Fed Chairman Ben Bernanke testified before the Joint Economic Committee Tuesday, telling Congress the recovery isn’t what he hoped for, and is now in danger of faltering. He said the Fed's recent action is not a "panacea" for the economy and offered four objectives lawmakers should consider when formulating recovery plans.
“[I]t is clear that, overall, the recovery from the crisis has been much less robust than we had hoped,” Bernanke said. “Recent revisions of government economic data show the recession as having been even deeper, and the recovery weaker, than previously estimated.… Slow economic growth has in turn led to slow rates of increase in jobs and household incomes.”

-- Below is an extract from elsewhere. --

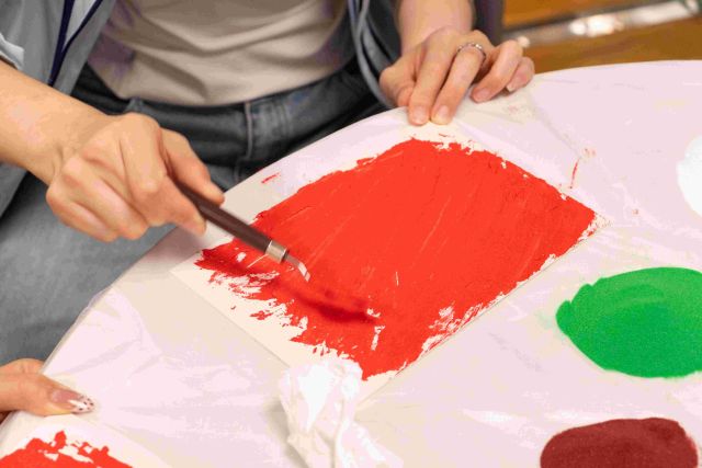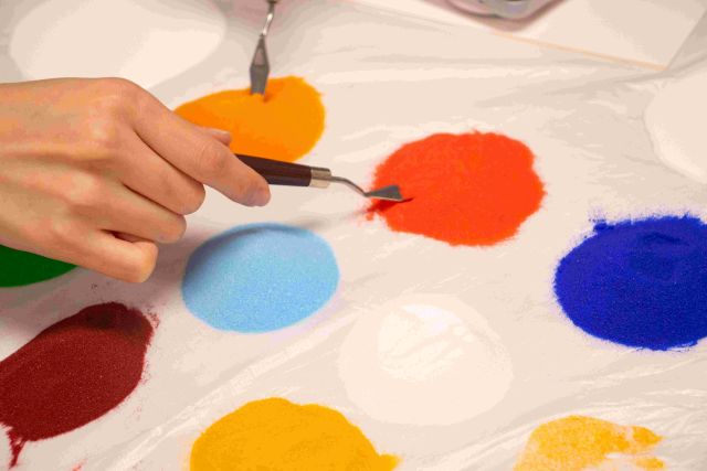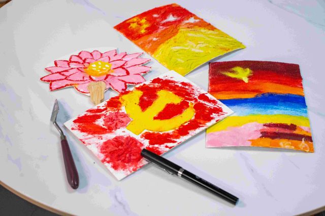 承接夏日的宁静与内省转向国庆的热烈与磅礴。组织者大胆引导参加者,以沙粒替代传统纸浆,举办了“沙绘山河”主题创作。他们以指尖为笔,各色沙粒为墨,尽情挥洒创意。五星红旗、巍峨长城等国家象征,在大家小心翼翼的填充、涂抹和塑形下,以独特的颗粒感和立体效果跃然板上。

Noting the unrest in the Middle East and North Africa, strong growth in emerging market economies and “other developments,” Bernanke said the resulting increases in the prices of oil and other commodities damped consumer purchasing power and spending; and the disaster in Japan disrupted global supply chains and production, particularly in the automobile industry.
“With commodity prices having come off their highs and manufacturers' problems with supply chains well along toward resolution, growth in the second half of the year seems likely to be more rapid than in the first half,” he said. "However, the incoming data suggest that other, more persistent factors also continue to restrain the pace of recovery.”
The most significant factor depressing consumer confidence, Bernanke testified, has been the poor performance of the job market. Over the summer, he said, private payrolls rose by only about 100,000 jobs per month on average—half the rate posted earlier in the year. He added recent indicators, including new claims for unemployment insurance and surveys of hiring plans, “point to the likelihood of more sluggish job growth in the period ahead.”
Bernanke then advised policymakers to consider four key objectives in setting tax and spending policies. The first is to achieve long-run fiscal sustainability.
“The federal budget is clearly not on a sustainable path at present,” he said. The Joint Select Committee on Deficit Reduction … is charged with achieving $1.5 trillion in additional deficit reduction over the next 10 years on top of the spending caps enacted this summer. Accomplishing that goal would be a substantial step; however, more will be needed to achieve fiscal sustainability.”
The second objective is to “avoid fiscal actions that could impede the ongoing economic recovery.”
“These first two objectives are certainly not incompatible, as putting in place a credible plan for reducing future deficits over the longer term does not preclude attending to the implications of fiscal choices for the recovery in the near term,” he said.
The third objective should aim to “promote long-term growth and economic opportunity. As a nation, we need to think carefully about how federal spending priorities and the design of the tax code affect the productivity and vitality of our economy in the longer term.”
The fourth objective is to “improve the process for making long-term budget decisions, to create greater predictability and clarity, while avoiding disruptions to the financial markets and the economy. In sum, the nation faces difficult and fundamental fiscal choices, which cannot be safely or responsibly postponed.”
He concluded by downplaying the potential impact of so-called “Operation Twist,” noting “monetary policy can be a powerful tool, but it is not a panacea for the problems currently faced by the U.S. economy. Fostering healthy growth and job creation is a shared responsibility of all economic policymakers, in close cooperation with the private sector.”